> **Aim of the task**:
Would you copy out each line of the records below that includes the word "from"?

____ The records

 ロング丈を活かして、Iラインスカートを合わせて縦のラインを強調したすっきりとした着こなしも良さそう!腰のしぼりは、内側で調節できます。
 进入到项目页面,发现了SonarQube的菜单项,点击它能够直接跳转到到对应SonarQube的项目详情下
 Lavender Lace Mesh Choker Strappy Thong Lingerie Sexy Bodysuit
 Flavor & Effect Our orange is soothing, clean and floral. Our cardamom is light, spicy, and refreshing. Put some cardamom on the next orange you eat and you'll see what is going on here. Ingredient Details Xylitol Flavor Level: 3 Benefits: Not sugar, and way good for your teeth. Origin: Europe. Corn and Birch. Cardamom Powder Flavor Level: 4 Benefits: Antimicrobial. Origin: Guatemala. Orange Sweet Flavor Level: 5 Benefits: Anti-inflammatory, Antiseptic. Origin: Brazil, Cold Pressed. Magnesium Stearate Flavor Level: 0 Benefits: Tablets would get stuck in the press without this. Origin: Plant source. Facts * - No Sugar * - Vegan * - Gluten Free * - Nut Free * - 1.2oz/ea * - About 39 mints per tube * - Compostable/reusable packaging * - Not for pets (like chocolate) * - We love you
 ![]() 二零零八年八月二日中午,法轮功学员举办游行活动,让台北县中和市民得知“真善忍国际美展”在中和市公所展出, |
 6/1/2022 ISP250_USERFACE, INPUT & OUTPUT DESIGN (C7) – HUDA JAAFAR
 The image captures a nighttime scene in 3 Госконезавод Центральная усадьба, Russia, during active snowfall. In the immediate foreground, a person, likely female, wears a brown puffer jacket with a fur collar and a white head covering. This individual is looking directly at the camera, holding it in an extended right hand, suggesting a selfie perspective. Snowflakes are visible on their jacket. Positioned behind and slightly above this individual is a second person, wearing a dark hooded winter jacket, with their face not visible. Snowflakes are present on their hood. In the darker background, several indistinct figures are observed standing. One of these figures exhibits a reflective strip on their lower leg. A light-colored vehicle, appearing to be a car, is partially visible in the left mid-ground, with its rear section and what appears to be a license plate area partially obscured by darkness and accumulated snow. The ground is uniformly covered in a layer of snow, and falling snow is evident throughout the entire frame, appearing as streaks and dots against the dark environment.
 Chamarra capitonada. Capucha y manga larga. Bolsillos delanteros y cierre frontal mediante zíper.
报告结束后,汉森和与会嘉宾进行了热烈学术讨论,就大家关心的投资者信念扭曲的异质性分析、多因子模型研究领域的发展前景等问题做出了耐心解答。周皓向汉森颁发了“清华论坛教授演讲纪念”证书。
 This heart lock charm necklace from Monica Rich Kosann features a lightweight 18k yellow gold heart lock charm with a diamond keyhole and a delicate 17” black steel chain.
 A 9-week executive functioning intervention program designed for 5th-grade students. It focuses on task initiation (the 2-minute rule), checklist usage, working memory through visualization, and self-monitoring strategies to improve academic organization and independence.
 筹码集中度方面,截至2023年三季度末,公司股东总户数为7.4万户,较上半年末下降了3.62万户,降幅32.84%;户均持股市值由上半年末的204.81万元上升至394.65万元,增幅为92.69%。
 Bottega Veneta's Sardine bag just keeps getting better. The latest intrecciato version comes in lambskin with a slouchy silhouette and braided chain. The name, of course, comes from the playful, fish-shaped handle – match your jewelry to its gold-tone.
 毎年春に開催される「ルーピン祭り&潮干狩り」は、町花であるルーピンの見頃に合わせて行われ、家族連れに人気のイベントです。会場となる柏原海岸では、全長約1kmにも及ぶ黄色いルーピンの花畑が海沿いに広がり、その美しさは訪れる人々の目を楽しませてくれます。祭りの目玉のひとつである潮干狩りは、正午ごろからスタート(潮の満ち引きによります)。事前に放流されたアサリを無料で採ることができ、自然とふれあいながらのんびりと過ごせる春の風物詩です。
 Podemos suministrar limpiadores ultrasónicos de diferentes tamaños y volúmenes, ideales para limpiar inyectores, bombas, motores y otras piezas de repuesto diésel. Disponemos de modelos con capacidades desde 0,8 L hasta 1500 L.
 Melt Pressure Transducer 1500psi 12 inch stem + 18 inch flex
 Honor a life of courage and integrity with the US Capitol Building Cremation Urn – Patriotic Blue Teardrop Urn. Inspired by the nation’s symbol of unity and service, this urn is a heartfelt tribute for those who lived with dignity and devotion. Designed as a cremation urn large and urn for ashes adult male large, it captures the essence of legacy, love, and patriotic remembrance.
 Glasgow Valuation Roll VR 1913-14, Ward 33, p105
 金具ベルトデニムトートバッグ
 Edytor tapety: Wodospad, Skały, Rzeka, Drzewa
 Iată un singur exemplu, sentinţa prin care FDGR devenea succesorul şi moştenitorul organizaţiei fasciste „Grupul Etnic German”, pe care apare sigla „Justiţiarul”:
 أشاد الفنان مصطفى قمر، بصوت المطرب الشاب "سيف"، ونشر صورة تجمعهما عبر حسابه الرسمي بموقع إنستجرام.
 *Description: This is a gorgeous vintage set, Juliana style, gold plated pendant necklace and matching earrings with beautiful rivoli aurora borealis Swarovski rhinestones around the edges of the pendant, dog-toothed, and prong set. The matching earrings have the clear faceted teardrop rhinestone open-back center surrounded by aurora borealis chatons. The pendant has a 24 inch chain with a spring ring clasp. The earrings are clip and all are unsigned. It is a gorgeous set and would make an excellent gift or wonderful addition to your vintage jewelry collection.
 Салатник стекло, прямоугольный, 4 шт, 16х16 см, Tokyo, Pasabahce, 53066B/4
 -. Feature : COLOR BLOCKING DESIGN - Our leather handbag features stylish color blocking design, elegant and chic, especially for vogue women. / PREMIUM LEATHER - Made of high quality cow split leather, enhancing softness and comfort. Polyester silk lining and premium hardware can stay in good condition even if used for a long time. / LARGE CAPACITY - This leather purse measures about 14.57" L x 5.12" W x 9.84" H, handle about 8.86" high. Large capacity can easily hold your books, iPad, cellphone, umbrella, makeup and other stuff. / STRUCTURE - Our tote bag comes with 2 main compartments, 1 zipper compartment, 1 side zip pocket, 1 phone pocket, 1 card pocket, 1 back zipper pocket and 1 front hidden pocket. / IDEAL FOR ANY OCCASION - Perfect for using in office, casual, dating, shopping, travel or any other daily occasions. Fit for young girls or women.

________

> **Output of the exercise**:
 This heart lock charm necklace from Monica Rich Kosann features a lightweight 18k yellow gold heart lock charm with a diamond keyhole and a delicate 17” black steel chain.
 Bottega Veneta's Sardine bag just keeps getting better. The latest intrecciato version comes in lambskin with a slouchy silhouette and braided chain. The name, of course, comes from the playful, fish-shaped handle – match your jewelry to its gold-tone.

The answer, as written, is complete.